Question

What are the common heuristics that can be used to schedule resources in a multi-project environment? Use example(s) to discuss and comment on their advantages and disadvantages.

Answer 1

Answer: The heuristics discussed in the text are first in line, greatest resource demand, greatest resource utilization, minimum late finish time, and mathematical programming.

The first in line heuristic allocates resources based upon which project enters the queue first. This is the easiest heuristic to follow, but it can defy common sense in favor of ease of use.

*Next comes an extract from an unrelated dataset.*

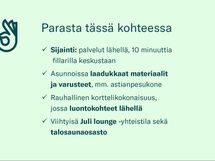 Tämä yksiö sopii erinomaisesti menevälle asukkaalle, joka kaipaa elämäänsä helppohoitoista ja kompaktia kotia, jossa on silti mukavaa viettää aikaa. Talo sijaitsee Pukkilan vanhan kaakelitehtaan alueelle rakentuvalla uudella asuinalueella pientaloalueen helmassa, lähellä monipuolisia palveluita ja liikuntamahdollisuuksia. Laajakaista 50 Mbit/s sisältyy vuokraan | Lemmikit ovat tervetulleita | Vakuus 0 €! Tässä kodissa parasta: - Kookkaat ikkunat, jotka tekevät tilasta ihanan valoisan - Laadukkaat materiaalit ja varusteet mm. astianpesukone - Tyylikäs kylpyhuone Pukkilan laatoilla ja tilavarauksella pyykinpesukoneelle - Toimiva ja tehokas pohja, neliöt hyödynnetty hyvin - Ranskalainen parveke Asunto tuntuu käytännöllisen pohjaratkaisunsa ja kookkaan ikkunansa ansiosta neliöitään tilavammalta. Kodin pintamateriaalien neutraalit sävyt antavat sinulle mahdollisuuden sisustaa siitä juuri oman näköisesi. Helppohoitoinen keittiö, riittävä säilytystila sekä tilava ja toimiva kylpyhuone auttavat sinua pitämään kodin järjestyksessä ja antavat sinulle tilaa keskittyä muihin asioihin. Keittiön ilme on raikas ja moderni. Laadukkaat materiaalit ja kodinkoneet tekevät ruoanlaitosta helppoa ja miellyttävää. Lisäksi tilassa on valmiiksi tiskikone. Viimeisen silauksen luovat kauniit ja käytännölliset kvartsitasot. Kylpyhuoneessa on käytetty alueen historiaan sopivia ja laadukkaita Pukkilan laattoja. Löydät kylpyhuoneesta myös tilavarauksen pyykinpesukoneelle. Kodin asuinhuoneen runsas ikkunapinta sekä ranskalainen parveke tekevät siitä ihanan valoisan ja avaran. Asunnossa on valmista säilytystilaa niin asuinhuoneen kuin eteisen puolella. Lisäksi kodissa on valmiiksi asennetut verhokiskot. Lattiamateriaalina on kestävä ja klassinen lankkulaminaatti. Pysäköinti: Parkkipaikan vuokraus tapahtuu AimoParkin asukaspysäköinnin kautta. Parkkipaikan saatavuus ja tarkemmat tiedot tulee aina varmistaa Aimo Parkilta; asukaspysakointi@aimopark.fi, 0207812480. Lisätietoja tarvittaessa juli@juliliving.com. Kaarnan asukkaiden käytössä ovat viereisestä talosta löytyvät talosaunaosasto ja Juli Lounge sekä oman talon tiloissa sijaitseva pesula. Korttelin sisäpihalle valmistuu yhteiskäyttöön tarkoitettu ulkokuntoilualue sekä leikkipaikka. Juli-koti on valintana ympäristöystävällinen, sillä käytämme vain vihreää sähköä ja optimoimme rakennuksen energiankäyttöä tekoälyllä. Pukkilan Kaarnan energiatehokkuusluokka on A, kohde lämpenee maalämmöllä ja talon katolle asennetaan aurinkopaneeleja kiinteistön sähköntuotantoa varten. Kohteelle haetaan LEED Platina -ympäristösertifikaattia. Asunnoissa on patterilämmitys ja koneellinen ilmanvaihto. Vesimaksu määräytyy kulutuksen mukaan ja ei sisälly vuokraan. Jokaisessa huoneistossa on huoneistokohtainen vedenmittaus. Vuokraa koti suoraan verkosta! Kuvat ovat suuntaa antavia havainne- sekä valokuvia ja voivat siten olla vastaavasta asunnosta tai pohjan peilikuvasta eri kerroksessa tai rapussa. Kuvat voivat olla peräisin myös muista Julin Pukkilan korttelin taloista – tutustuthan pohjaratkaisuun huolellisesti. Asunnot vuokrataan kalustamattomana. Vuokraan sisältyy laajakaista 50 Mbit/s. Talo on savuton, joten tupakointi asunnoissa, parvekkeilla ja talon yhteisissä sisä- ja ulkotiloissa on kielletty. Tupakointi sallittu vain sille osoitetulla paikalla.

The greatest resource demand decision rule determines which projects in the company's portfolio will pose the greatest demand on available resources; these projects are allocated resources first and then other projects are scheduled. The assumption being made is that projects that are more consumptive of resources are likely sources of bottlenecks, so these activities should be accommodated first and the rest of the system subordinated to the bottlenecks' needs. This rule and the greatest resource utilization rule may result in dedicating too many resources to a project that simply isn't profitable or has poor margins when compared with projects that may represent low hanging fruit.

Greatest resource utilization is a slight variation on the greatest resource demand heuristic. Projects with high levels of resource utilization are scheduled first, resulting in good performance on the utilization performance measure. If other projects are added to the company portfolio while the first project is still viable, the utilization of resources may remain high when the new projects are considered with the existing projects.

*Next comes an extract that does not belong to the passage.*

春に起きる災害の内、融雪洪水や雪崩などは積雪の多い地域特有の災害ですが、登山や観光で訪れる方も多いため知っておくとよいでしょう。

The minimum late finish time prioritizes projects with minimal slack, in effect keeping them as close as possible to on schedule. Projects with more slack can wait a while for the resources without becoming late. The danger is that resource starvation of projects with seemingly abundant slack may result in every project in the portfolio being delivered late.

Mathematical programming can generate optimal decisions to resource constrained problems. While solutions are optimal, the problem set up and solution can be extraordinarily complex.